La historia demuestra que la violencia no sirve para erradicar al otro ni para lograr transformaciones duraderas. Al contrario, profundiza las heridas y posterga soluciones reales. El problema no es solo moral, sino también práctico.
Sabado, 13 de septiembre de 2025 09:09

En pleno siglo XXI, cuando la humanidad creía que la sociedad había avanzado al mismo ritmo que la tecnología y la ciencia, ciertos hechos de violencia institucional y generalizada nos devuelven una imagen incómoda, la de un mundo que sigue resolviendo conflictos con las mismas armas de siempre. Las pantallas nos deslumbrán con innovación, pero en la calle, en las plazas y en los gobiernos, la violencia parece seguir siendo la protagonista.

Durante buena parte del siglo XX muchos pensaron que habíamos dejado atrás la “barbarie”. El final de la II Guerra Mundial en 1945 y, más de cuatro décadas después, la caída del Muro de Berlín en 1989, fueron leídos como hitos del progreso humano. Las democracias se multiplicaban, la globalización prometía acercar culturas y la ciencia proyectaba un futuro casi utópico.

Sin embargo, el nuevo milenio se abrió con atentados masivos, guerras preventivas y autoritarismos de nuevo cuño. Y hoy, a pesar del discurso del desarrollo, los titulares se llenan de magnicidios, atentados políticos y rebeliones violentas.

En julio de 2022 el mundo quedó conmocionado por el asesinato de Shinzo Abe, el ex primer ministro japonés que más tiempo había ocupado el cargo. Abe fue baleado en plena calle en la ciudad de Nara, mientras hacía campaña electoral para un colega. El acusado, Tetsuya Yamagami, dijo actuar movido por el resentimiento contra un grupo religioso al que vinculaba con el político.
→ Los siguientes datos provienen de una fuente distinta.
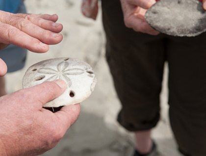 The beach lived up to its namesake. Thousands of sand dollars covered the high tide line of the beach. Sand dollars are echinoderms, invertebrates, related to sea urchins, that bury themselves halfway into the sand bottom just beyond the wave zone and feed on suspended plankton and detritus. When they die their hard endoskeletons wash up on shore to the delight of barefoot beachcombers.
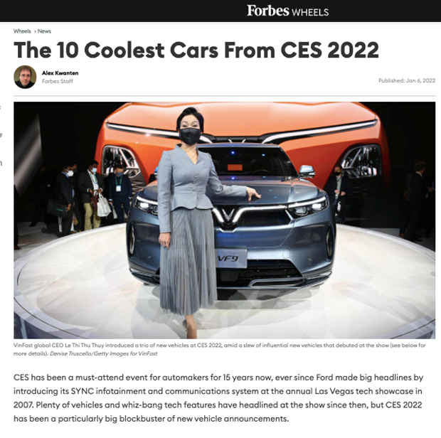 Forbes điểm tên VinFast trong top 10 xe tuyệt vời nhất tại CES 2022
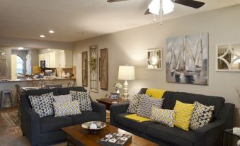 This condo is in a perfect location - close to everything but also very quiet and secluded. The unit is beautifully decorated and the bedroom furniture is lovely. The only 2 negatives would be that the couches are not comfortable, and the other thing was the hot tub was not functioning while we were there which was a real bummer because we were hoping to relax in that in the evenings.
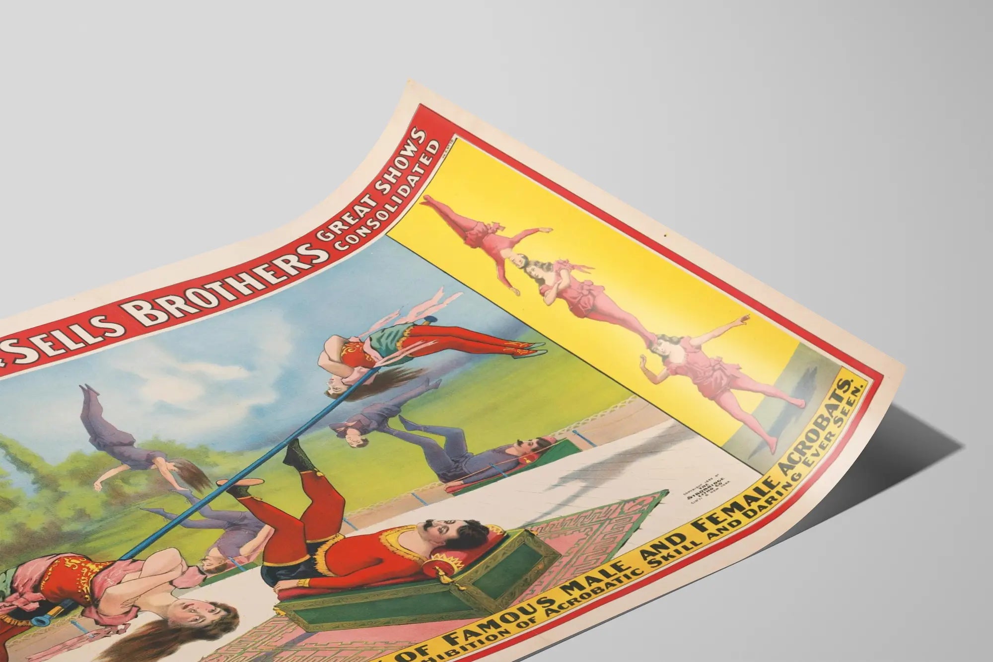 Affiche vintage Forepaugh & Sells Brothers - Famille d'acrobates Carl Damann
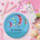 Summery blue kite surfing theme paper plates with customisable text. Brightly coloured kites in reds, blues, yellows and green adorn the plates.
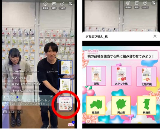 画面をタップして参加できるクイズなども配信中に出すことができます。コメントやアンケートとは異なり、タップだけで直感的に楽しく視聴内容の理解度を上げることができます。今回は桃の品種と県名を組み合わせるクイズを出題しました。

La imagen de Japón -país con uno de los índices de criminalidad más bajos del mundo- estremecida por un atentado político volvió a sembrar dudas sobre la solidez de nuestras democracias.
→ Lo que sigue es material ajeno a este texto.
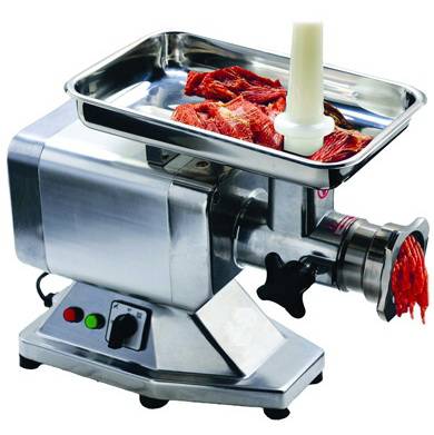 Оснащена стандартной мясорубочной системой, измельчающей мясо один раз за один проход. Система охлаждения двигателя обеспечивает непрерывную работу. Функция реверса позволяет в случае необходимости разблокировать шнек, не прибегая к разборке и очистке оборудования.

Algo similar ocurrió en Colombia, cuando a mediados de agosto de este año murió Miguel Uribe Turbay, un joven senador y precandidato presidencial, tras dos meses internado por las heridas sufridas en un ataque a balazos durante un acto en Bogotá. Su agresor era un menor de 15 años. La noticia sacudió no solo por la pérdida de una figura política, sino también porque reveló hasta qué punto la violencia atraviesa a las nuevas generaciones, que en teoría nacieron en tiempos de “posconflicto”.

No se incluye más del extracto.